Task instructions:
Pictures are not part of the copy; retype all the records below exactly.

[Stored data]
┄┄┄┄┄┄

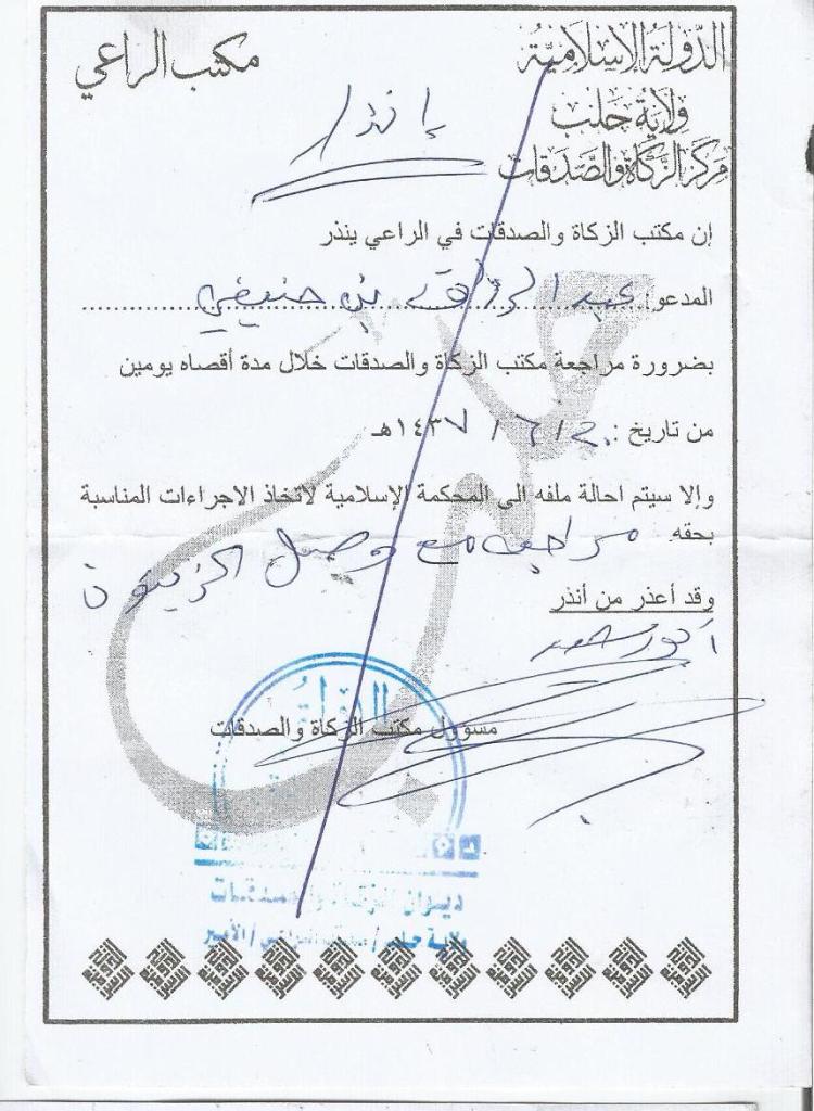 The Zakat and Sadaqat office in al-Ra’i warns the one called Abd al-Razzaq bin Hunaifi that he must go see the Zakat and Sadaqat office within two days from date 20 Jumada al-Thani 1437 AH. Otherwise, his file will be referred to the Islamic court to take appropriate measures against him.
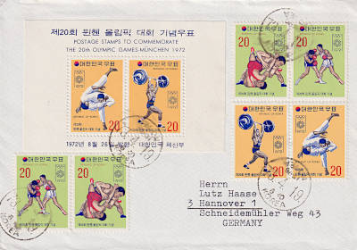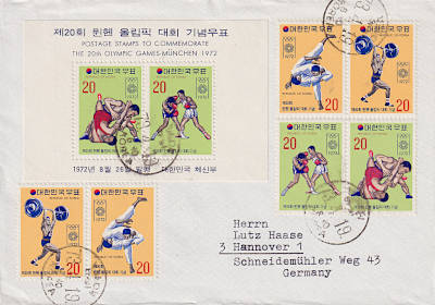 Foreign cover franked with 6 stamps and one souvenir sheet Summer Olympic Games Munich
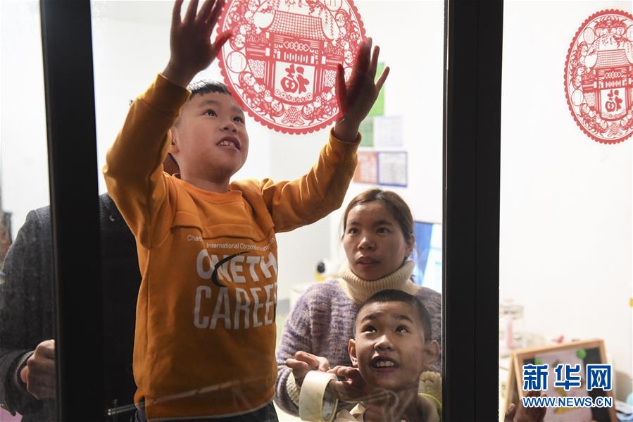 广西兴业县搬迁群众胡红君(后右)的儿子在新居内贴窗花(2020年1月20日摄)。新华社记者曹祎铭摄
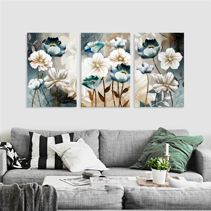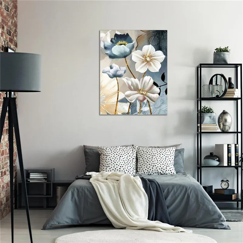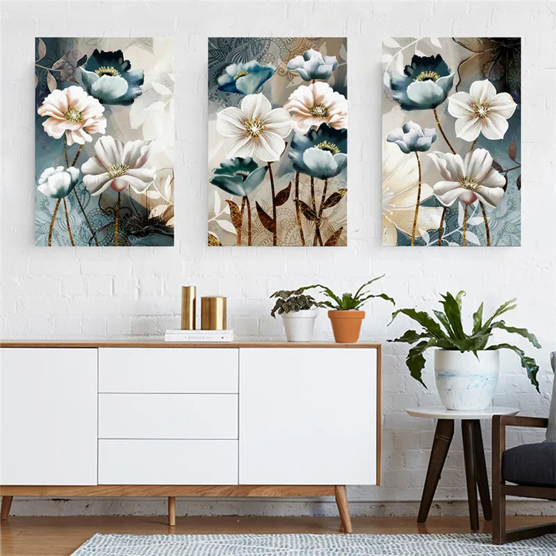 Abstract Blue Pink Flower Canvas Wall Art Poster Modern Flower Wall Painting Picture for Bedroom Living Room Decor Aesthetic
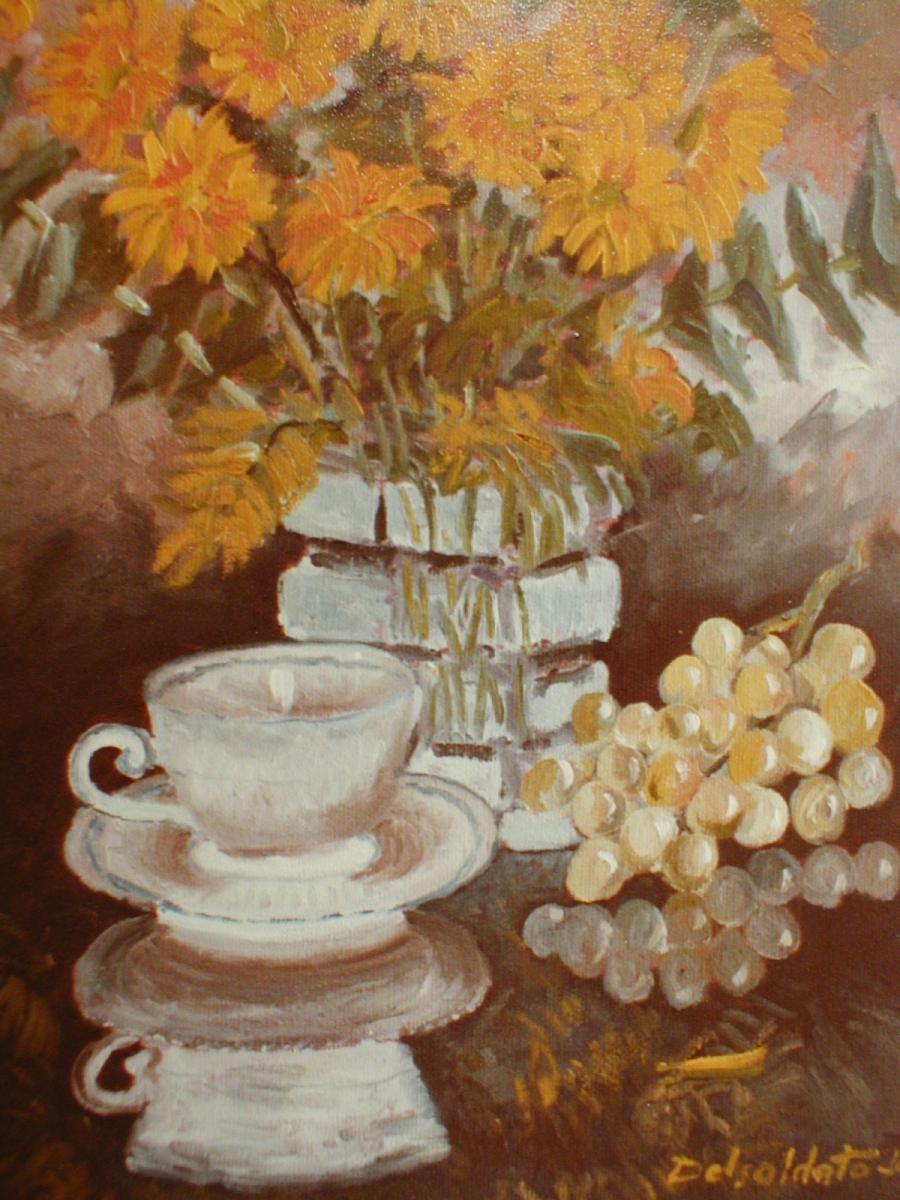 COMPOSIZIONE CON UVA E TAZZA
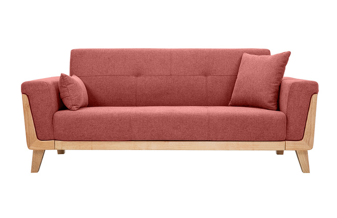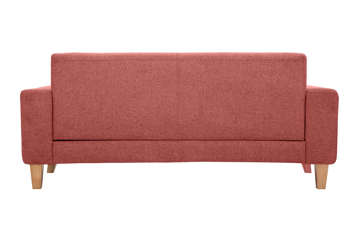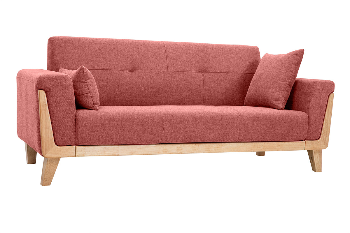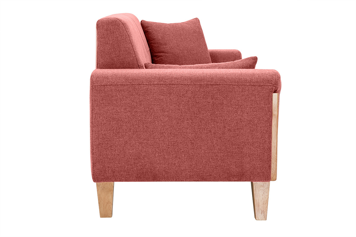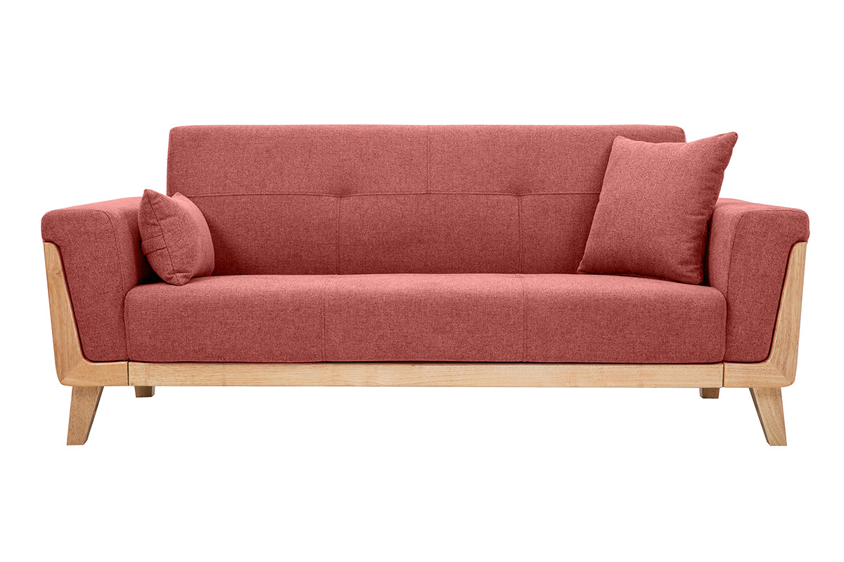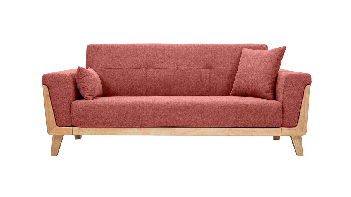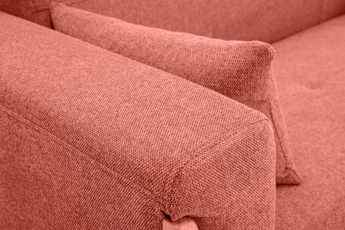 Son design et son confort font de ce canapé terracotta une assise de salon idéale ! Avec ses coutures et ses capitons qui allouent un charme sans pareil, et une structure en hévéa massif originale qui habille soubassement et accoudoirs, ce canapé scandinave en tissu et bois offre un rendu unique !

┄┄┄┄┄┄

Exercise output:
 The Zakat and Sadaqat office in al-Ra’i warns the one called Abd al-Razzaq bin Hunaifi that he must go see the Zakat and Sadaqat office within two days from date 20 Jumada al-Thani 1437 AH. Otherwise, his file will be referred to the Islamic court to take appropriate measures against him.
 Foreign cover franked with 6 stamps and one souvenir sheet Summer Olympic Games Munich
 广西兴业县搬迁群众胡红君(后右)的儿子在新居内贴窗花(2020年1月20日摄)。新华社记者曹祎铭摄
 Abstract Blue Pink Flower Canvas Wall Art Poster Modern Flower Wall Painting Picture for Bedroom Living Room Decor Aesthetic
 COMPOSIZIONE CON UVA E TAZZA
 Son design et son confort font de ce canapé terracotta une assise de salon idéale ! Avec ses coutures et ses capitons qui allouent un charme sans pareil, et une structure en hévéa massif originale qui habille soubassement et accoudoirs, ce canapé scandinave en tissu et bois offre un rendu unique !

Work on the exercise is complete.